Awesome work on this! I wanted to share some thoughts based on my experience building Stacks Invoice Generator, where I tackled invoice generation for STX and Stacks tokens without smart contracts. One of the biggest challenges I faced was QR code functionality.

Initially, I wanted users to scan a QR code and have it automatically open their wallet (Xverse/Leather) with all payment details pre-filled—similar to Bitcoin or Ethereum payment URIs (e.g., bitcoin:address?amount=0.1). However, Stacks doesn’t currently support a universal payment link format, so I had to settle for QR codes that only contain the recipient’s address, requiring users to manually enter the amount and memo.

I believe adding universal payment links for STX and tokens (e.g., stackspay:stx1abc...xyz?amount=100&token=STX&memo=Invoice123) would be a game-changer for the ecosystem.

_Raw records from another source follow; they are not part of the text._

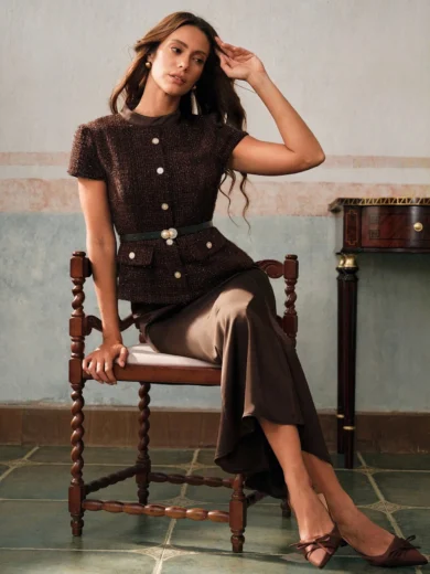 Women's Coffee Brown Tweed & Satin Patchwork Dress with Fishtail Hem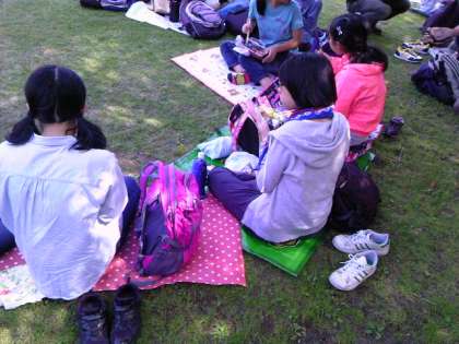 一生懸命歩いて、お腹がすいたようです。みんなおいしそうに食べています。
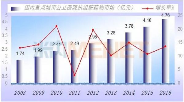 据米内网数据显示,2016年我国全身性抗过敏药物(主要指抗组胺药物)销售额超过50亿元,同比上一年增长了5.1%。其中重点城市公立医院抗组胺用药金额达4.76亿元,同比上一年增长了13.72%。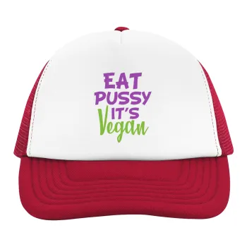 EAT pussy it's vegan, Children's Soft Trucker Hat with Red/White Mesh (POLYESTER, CHILDREN'S, ONE SIZE)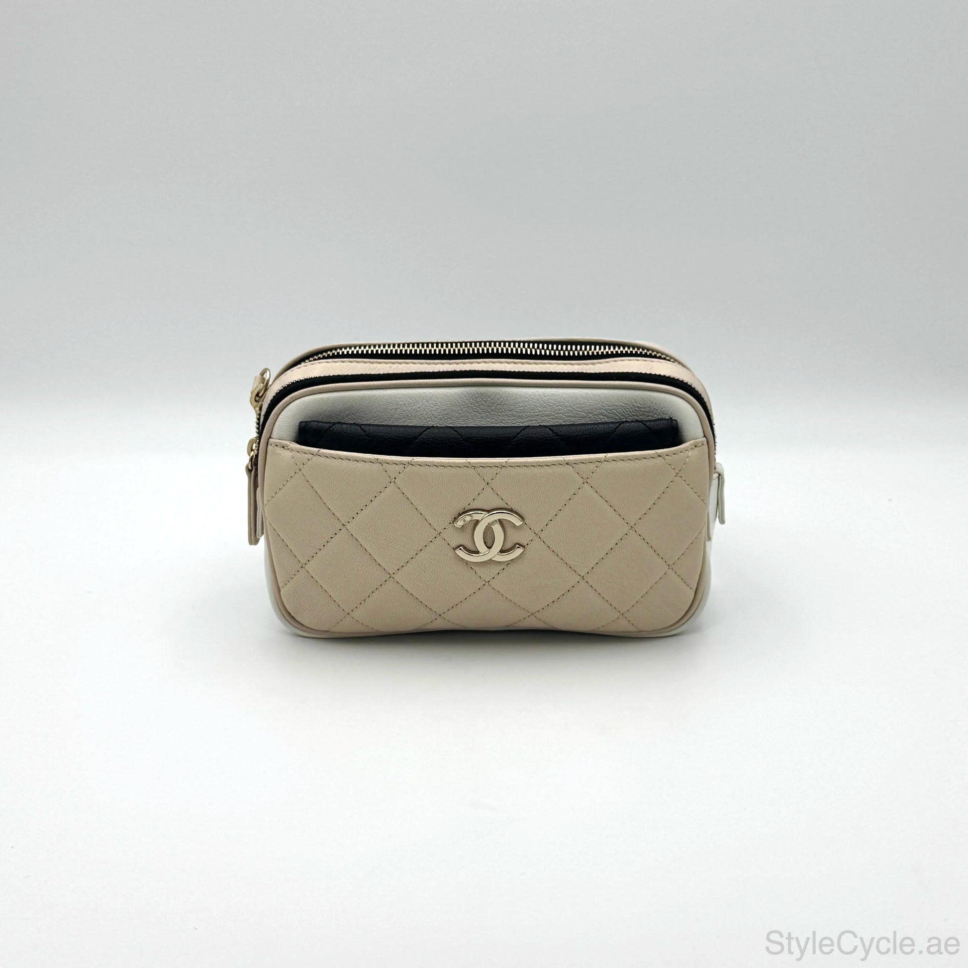Chanel Waist Bag in Beige & Black Quilted Calfskin

It would: ✅ Enable seamless integration between wallets and apps. ✅ Improve the user experience by eliminating manual data entry. ✅ Make STX payments feel as smooth as Lightning payments in Bitcoin.

Would love to hear your thoughts on this! Is this something that could fit into Stacks Pay?

QR codes are a core part of the experience i the proposal. Check out https://stackspay.org/ and the Merchant Section in the spec for details. The encoding also has the benefit of providing checksum so that users (stackpay parsers) can ensure that the QR codes have not been tampered with.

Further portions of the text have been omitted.